#### Directions
What should be copied is the stretch of entries below from the line with "white background, glittery" up to and including the line with "Introducing Spring Summer", exactly and without images.

#### Extracted information
* * * *

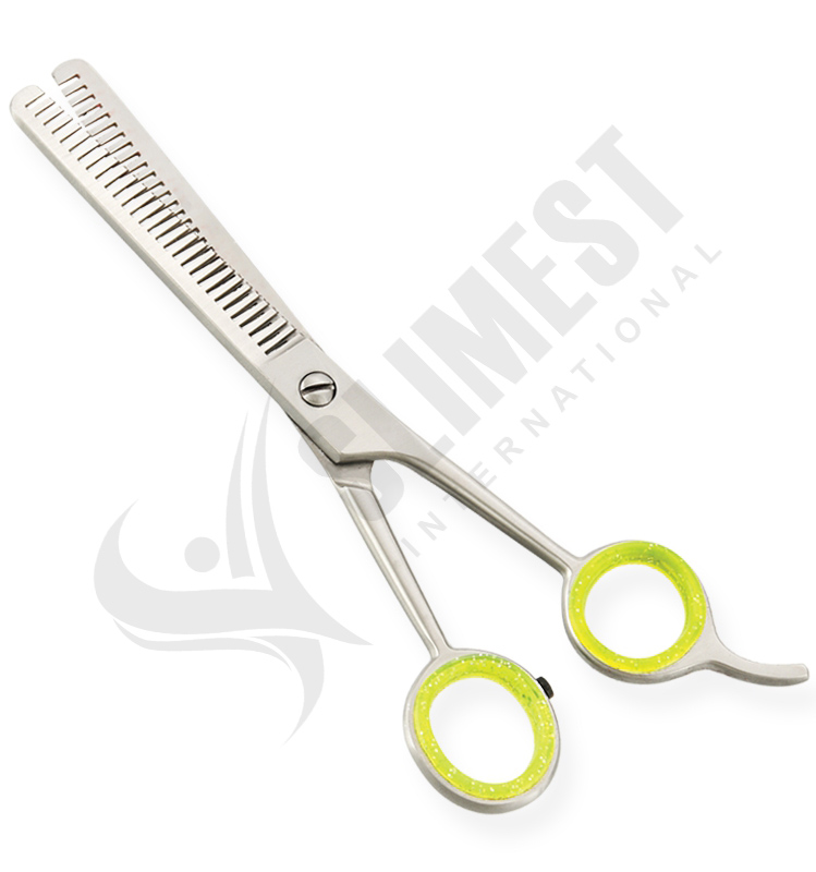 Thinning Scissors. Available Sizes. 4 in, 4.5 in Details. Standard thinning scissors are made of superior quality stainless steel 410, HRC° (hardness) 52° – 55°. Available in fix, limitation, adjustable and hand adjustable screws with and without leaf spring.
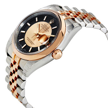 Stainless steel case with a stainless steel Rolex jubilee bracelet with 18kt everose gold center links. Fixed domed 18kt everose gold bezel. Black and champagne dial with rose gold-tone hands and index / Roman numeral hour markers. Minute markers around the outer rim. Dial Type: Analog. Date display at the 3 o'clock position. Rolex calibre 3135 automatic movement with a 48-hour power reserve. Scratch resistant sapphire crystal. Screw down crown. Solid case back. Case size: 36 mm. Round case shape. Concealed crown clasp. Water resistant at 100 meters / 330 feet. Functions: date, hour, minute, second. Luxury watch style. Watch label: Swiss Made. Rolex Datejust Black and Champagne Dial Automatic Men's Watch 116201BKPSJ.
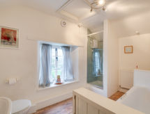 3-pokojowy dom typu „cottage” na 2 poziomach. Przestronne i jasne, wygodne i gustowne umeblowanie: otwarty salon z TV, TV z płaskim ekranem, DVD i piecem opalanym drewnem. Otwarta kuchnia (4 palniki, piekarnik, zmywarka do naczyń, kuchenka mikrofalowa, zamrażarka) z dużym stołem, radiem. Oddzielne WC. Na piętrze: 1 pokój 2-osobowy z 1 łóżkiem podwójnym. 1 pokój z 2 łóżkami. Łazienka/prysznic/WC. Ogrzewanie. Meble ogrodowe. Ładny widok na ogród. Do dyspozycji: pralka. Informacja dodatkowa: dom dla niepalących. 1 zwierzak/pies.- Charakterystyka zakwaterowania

* * * *

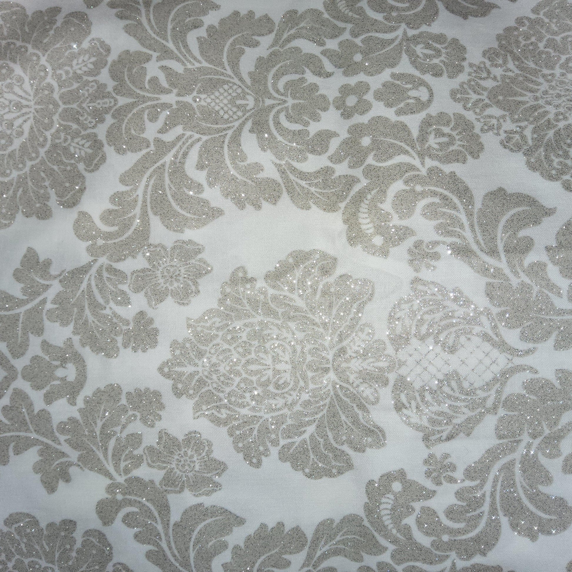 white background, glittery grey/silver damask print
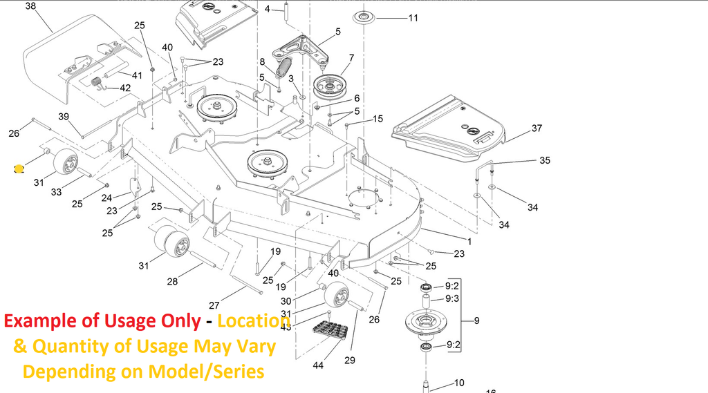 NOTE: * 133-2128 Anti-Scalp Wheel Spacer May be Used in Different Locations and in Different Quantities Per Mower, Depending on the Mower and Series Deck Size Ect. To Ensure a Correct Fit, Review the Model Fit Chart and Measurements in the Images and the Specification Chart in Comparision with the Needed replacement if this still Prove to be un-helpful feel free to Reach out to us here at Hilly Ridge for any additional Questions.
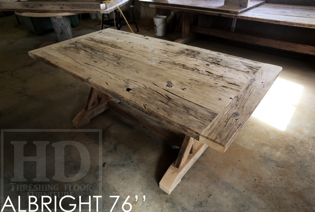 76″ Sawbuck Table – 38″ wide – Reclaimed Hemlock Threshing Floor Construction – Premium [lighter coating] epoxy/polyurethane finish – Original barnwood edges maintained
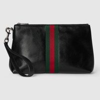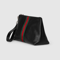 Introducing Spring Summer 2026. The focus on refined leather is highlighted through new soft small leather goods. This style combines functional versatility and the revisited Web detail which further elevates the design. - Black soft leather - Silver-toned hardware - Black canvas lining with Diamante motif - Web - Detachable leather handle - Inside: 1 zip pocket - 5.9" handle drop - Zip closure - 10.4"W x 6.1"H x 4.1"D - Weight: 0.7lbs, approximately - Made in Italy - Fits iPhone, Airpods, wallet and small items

* * * *

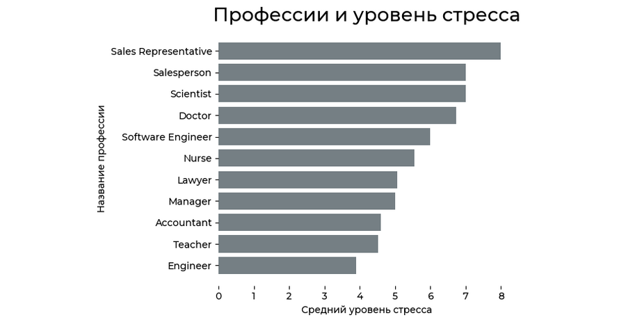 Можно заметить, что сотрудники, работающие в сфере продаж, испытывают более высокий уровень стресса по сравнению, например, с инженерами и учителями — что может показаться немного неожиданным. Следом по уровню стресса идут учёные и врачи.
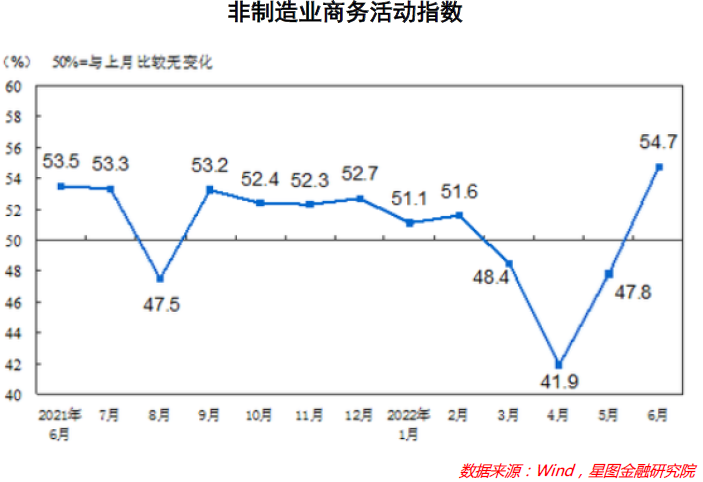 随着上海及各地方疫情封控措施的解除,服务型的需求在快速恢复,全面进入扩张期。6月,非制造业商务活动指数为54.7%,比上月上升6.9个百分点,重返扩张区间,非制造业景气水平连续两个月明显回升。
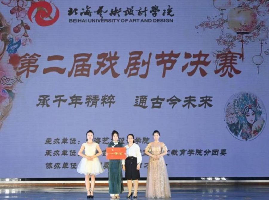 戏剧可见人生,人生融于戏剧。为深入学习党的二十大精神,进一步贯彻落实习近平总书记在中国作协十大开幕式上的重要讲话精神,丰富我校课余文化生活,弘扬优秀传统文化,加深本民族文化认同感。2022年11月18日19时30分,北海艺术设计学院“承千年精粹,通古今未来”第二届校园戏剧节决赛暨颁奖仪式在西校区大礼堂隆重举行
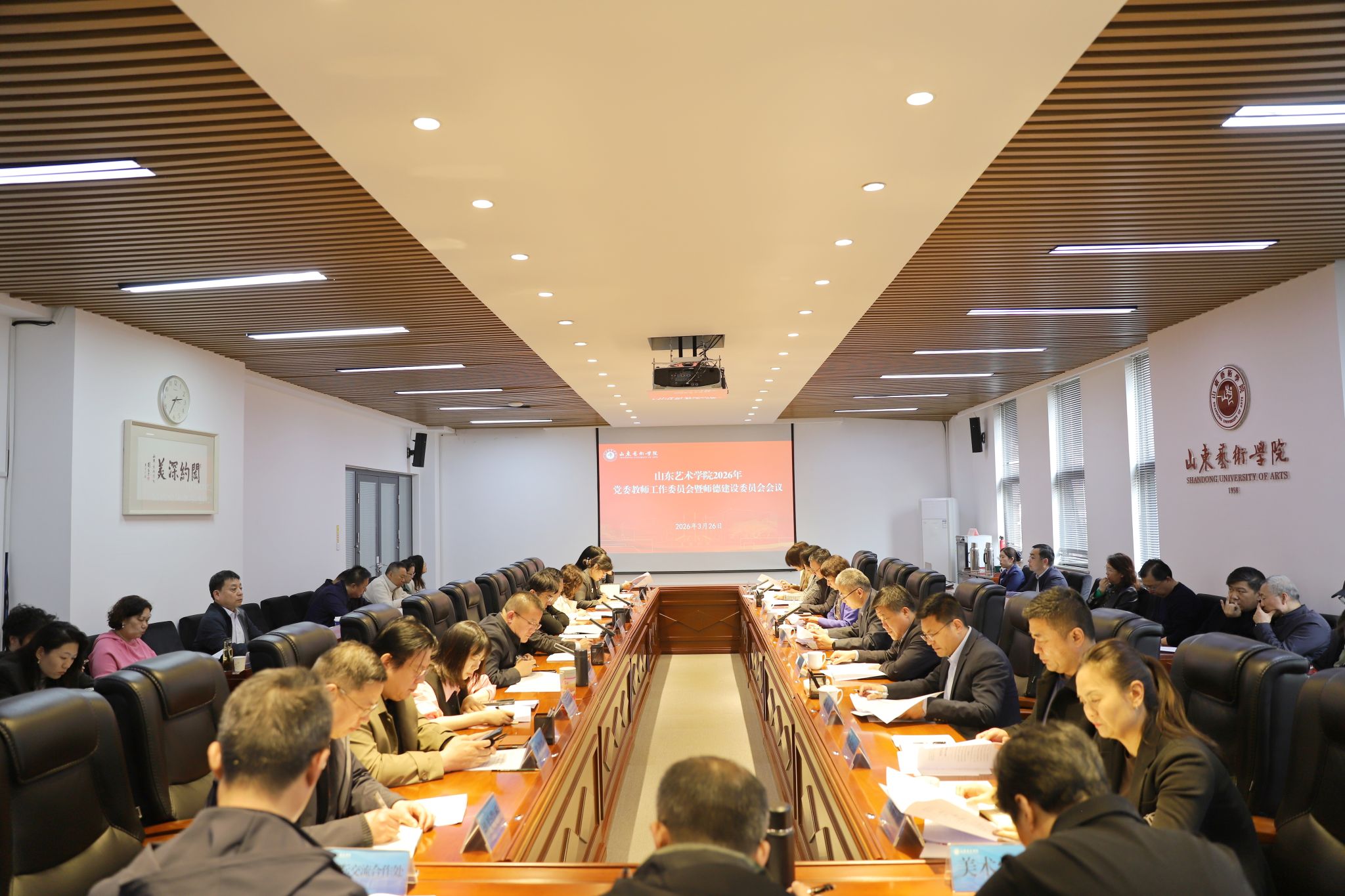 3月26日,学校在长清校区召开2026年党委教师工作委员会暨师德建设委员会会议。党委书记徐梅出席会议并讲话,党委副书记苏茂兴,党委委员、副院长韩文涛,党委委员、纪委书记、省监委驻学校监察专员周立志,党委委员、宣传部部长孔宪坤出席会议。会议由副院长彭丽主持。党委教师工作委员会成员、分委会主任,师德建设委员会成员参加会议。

* * * *

#### Result
 white background, glittery grey/silver damask print
 NOTE: * 133-2128 Anti-Scalp Wheel Spacer May be Used in Different Locations and in Different Quantities Per Mower, Depending on the Mower and Series Deck Size Ect. To Ensure a Correct Fit, Review the Model Fit Chart and Measurements in the Images and the Specification Chart in Comparision with the Needed replacement if this still Prove to be un-helpful feel free to Reach out to us here at Hilly Ridge for any additional Questions.
 76″ Sawbuck Table – 38″ wide – Reclaimed Hemlock Threshing Floor Construction – Premium [lighter coating] epoxy/polyurethane finish – Original barnwood edges maintained
 Introducing Spring Summer 2026. The focus on refined leather is highlighted through new soft small leather goods. This style combines functional versatility and the revisited Web detail which further elevates the design. - Black soft leather - Silver-toned hardware - Black canvas lining with Diamante motif - Web - Detachable leather handle - Inside: 1 zip pocket - 5.9" handle drop - Zip closure - 10.4"W x 6.1"H x 4.1"D - Weight: 0.7lbs, approximately - Made in Italy - Fits iPhone, Airpods, wallet and small items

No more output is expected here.